De pie frente a la montaña de basura en que se ha convertido su casa, Liliana interroga a la periodista con impotencia. Ha visto pasar decenas de móviles de radio y televisión, ha contestado preguntas, ha escuchado impávida la consabida pregunta –¿pudo salvar algo?– que en medio de este aquelarre suena a mal chiste. Y sin embargo no ha encontrado en ninguna pantalla un mínimo reflejo de su desesperación. Para colmo, se van. Los periodistas se van, los funcionarios nunca llegaron a su esquina, los voluntarios tienen que volver a su vida. Y aun cuando vengan otros, será lo mismo. No importa cuántos niños ateridos se vean en los campos de evacuados, ni cuánta gente clame por calzado. Su reclamo es único, como cada uno. Porque lo que se perdió en el agua y bajo el barro que ésta trajo es imposible de inventariar. “Esta casa se la entregó Eva Perón a mi madre en 1942, acá crecí yo, mis hijos y hasta ahora mis nietos. Eso que ve ahí no son mis muebles nada más, son mis recuerdos, el vestido de casamiento de mi mamá que se lo arreglé para mi hija, la ropita de los bebés, los cuadernos de los chicos. Ahora me dicen que acá no se puede volver, pero las raíces no se pueden llevar de un lado al otro, están acá, en esto que quedó.” Liliana es una jefa de familia de 43 con una bronca poderosa que cada tanto lanza sus aguijones. Es una sobreviviente, como la mayoría de los vecinos del barrio Santa Rosa de Lima de donde el agua no termina nunca de escurrir. Las bombas la escupen hacia el Salado, la lluvia vuelve a convertir las esquinas en bañados.

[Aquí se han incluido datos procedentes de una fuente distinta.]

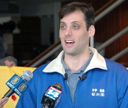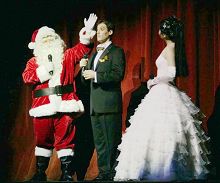 ![]() 零六年新唐人圣诞晚会上,圣诞老人送给林理善说中文的能力 |
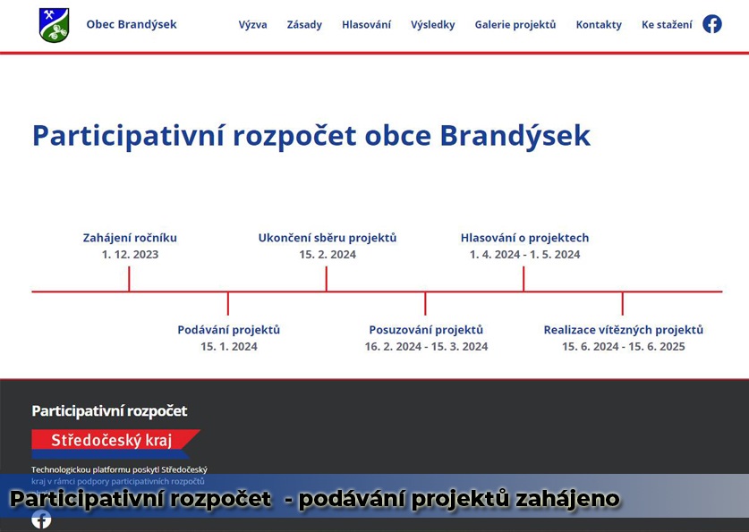 Od dnešního dne může až do 15.2.2024 podávat návrhy projektů, které budou financovány z participativního rozpočtu obce Brandýsek. Všechny informace naleznete na https://www.brandysek.cz/pro-obcany/participativni-rozpocet/
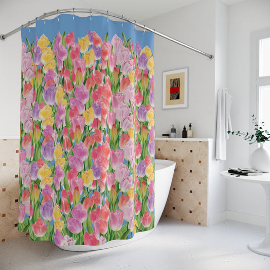 Tulip Sunrise Shower Curtain with Light Blue Accents - The Tulip Sunrise Collection by Miss Daisy
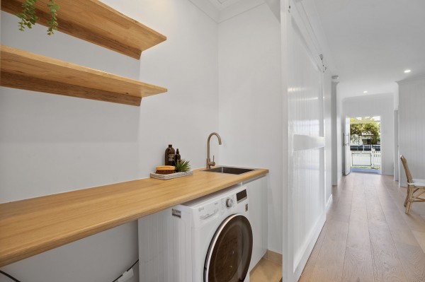 - European laundry cleverly tucked behind a sliding timber barn door for maximum space efficiency
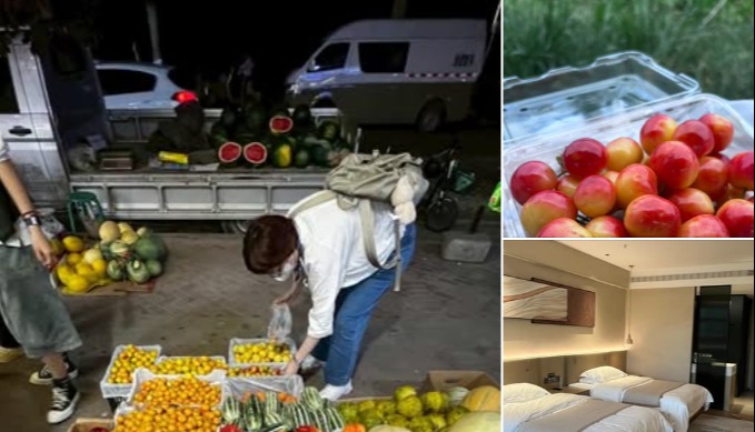 晚上9時許,“館長”一行人在餐廳用餐。吃飯期間,不少大陸民眾自發點外賣“投喂”,還有一位大陸自媒體博主現身,幽默送出“大陸美食三件套”:泡面、榨菜、茶葉蛋。隨後,另一位台灣網紅“歷史哥”與“館長”進行視頻通話,“館長”有感而發,“民進黨都在亂講”。
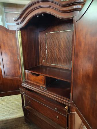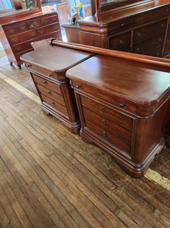 Very nice condition. Set includes dresser with mirror. 2 pc wardrobe. Pair of nite stands. Queen size bed complete with side rails and center supports. Located at DeLongs furniture 338 main Street...

¿Cómo podría entender Liliana que esa lluvia fina y persistente, que moja por pura perseverancia, es en el fondo una bendición? Sin estas gotas que lavan la basura que se acumula en el centro de las calles de la zona oeste de Santa Fe el olor sería irrespirable y la posibilidad de infecciones masivas una amenaza roja. Es una suerte también que sea otoño, dice el médico de la Cruz Roja, Manuel Crespo, unos grados más y el caldo de cultivo llegaría al perfecto punto de hervor que las bacterias necesitan para reproducirse. Lo bueno, como lo malo, siempre viene del cielo, piensan Liliana y su vecina, Teresa Almeida, con quien ahora comparte el mate y el aula de la escuela en la que viven, la pileta para lavar y las raciones de comida que les lleva el Ejército. Por eso rezan todos los días a la misma hora, otros recorren las vecinales -dependencias barriales del Estado municipal– en busca de mercadería, reclaman por zapatos o mantas, las donaciones más preciadas. Ellas no, porque para ellas la culpa es del Estado y no del cielo. Antes de salir a nado del techo de sus casas, las vecinas lucharon dos días contra el agua, como el resto de la cuadra. Rellenaban bolsas de arena y tapaban las bocacalles. “Primero se acabó la arena y la Municipalidad nos dijo que notenían camiones para traer más. Con trapos y un adoquín para que no flote rellenábamos las bolsas con los muchachos. Era como luchar contra el mar, imposible. Pero en la radio se insistía con que no iba a pasar nada, que era imposible, qué sé yo cuántas macanas.” Teresa sintió el golpe del agua como un latigazo, porque se vino toda de golpe, dice. Ni sabe cómo salió. O sí, se acuerda de un “angelito del señor”, un joven en una canoa de la que había que sacar agua con un tacho. Teresa no sabe nadar, estaba aterrada. Pero el muchacho le dio una pelota inflable para que se agarre bien fuerte. Obviamente, en el barrio no había salvavidas.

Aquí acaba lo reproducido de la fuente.